The ever increasing production and use of nano-enabled commercial products release the massive amount of engineered nanoparticles (ENPs) in the environment. An increasing number of recent studies have shown the toxic effects of ENPs on different organisms, raising concerns over the nano-pollutants behavior and fate in the various environmental compartments. After the release of ENPs in the environment, ENPs interact with various components of the environment and undergoes dynamic transformation processes. This review focus on ENPs transformations in the various environmental compartments. The transformation processes of ENPs are interrelated to multiple environmental aspects. Physical, chemical and biological processes such as the homo- or hetero-agglomeration, dissolution/sedimentation, adsorption, oxidation, reduction, sulfidation, photochemically and biologically mediated reactions mainly occur in the environment consequently changes the mobility and bioavailability of ENPs. Physico-chemical characteristics of ENPs (particle size, surface area, zeta potential/surface charge, colloidal stability, and core-shell composition) and environmental conditions (pH, ionic strength, organic and inorganic colloids, temperature, etc.) are the most important parameters which regulated the ENPs environmental transformations. Meanwhile, in the environment, organisms encountered multiple transformed ENPs rather than the pristine nanomaterials due to their interactions with various environmental materials and other pollutants. Thus it is the utmost importance to study the behavior of transformed ENPs to understand their environmental fate, bioavailability, and mode of toxicity.
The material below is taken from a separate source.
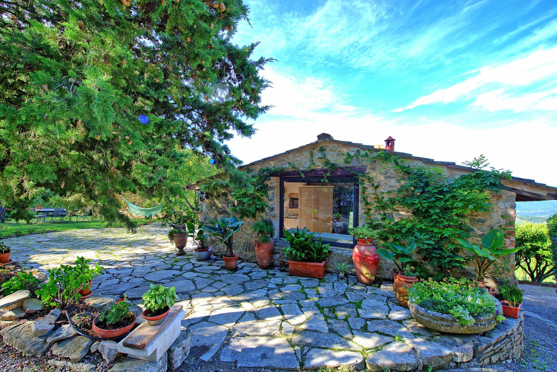 Villa Ancora is een charmante stenen schuur uit de 13e eeuw, gelegen op de hellingen van Monte Morello, met een adembenemend uitzicht over de vallei van Florence, op slechts 10 km afstand. De villa wordt omringd door 82.000 vierkante meter omheind terrein met fruitbomen, aromatische planten, weilanden en weelderige bossen vol eiken, sparren, cipressen en olijfbomen.

纳米级商业产品的不断增长的生产和使用在环境中释放出大量的工程纳米颗粒（ENP）。越来越多的最新研究表明，ENP对不同生物的毒性作用，引起人们对各种环境隔室中纳米污染物行为和命运的担忧。在环境中释放ENP之后，ENP与环境的各个组成部分进行交互并经历动态转换过程。这篇综述着重于各种环境部分的ENPs转化。ENP的转化过程与多个环境方面相关。物理，化学和生物过程，例如均聚或异聚，溶解/沉淀，吸附，氧化，还原，硫化，光化学和生物介导的反应主要发生在环境中，因此改变了ENP的迁移率和生物利用度。ENP的物理化学特征（粒径，表面积，ζ电势/表面电荷，胶体稳定性和核壳组成）和环境条件（pH，离子强度，有机和无机胶体，温度，等）是调节ENP环境转变的最重要参数。同时，在环境中，生物由于与各种环境材料和其他污染物的相互作用而遇到了多种转化的ENP，而不是原始的纳米材料。因此，研究转化的ENP的行为以了解其环境命运，生物利用度和毒性模式至关重要。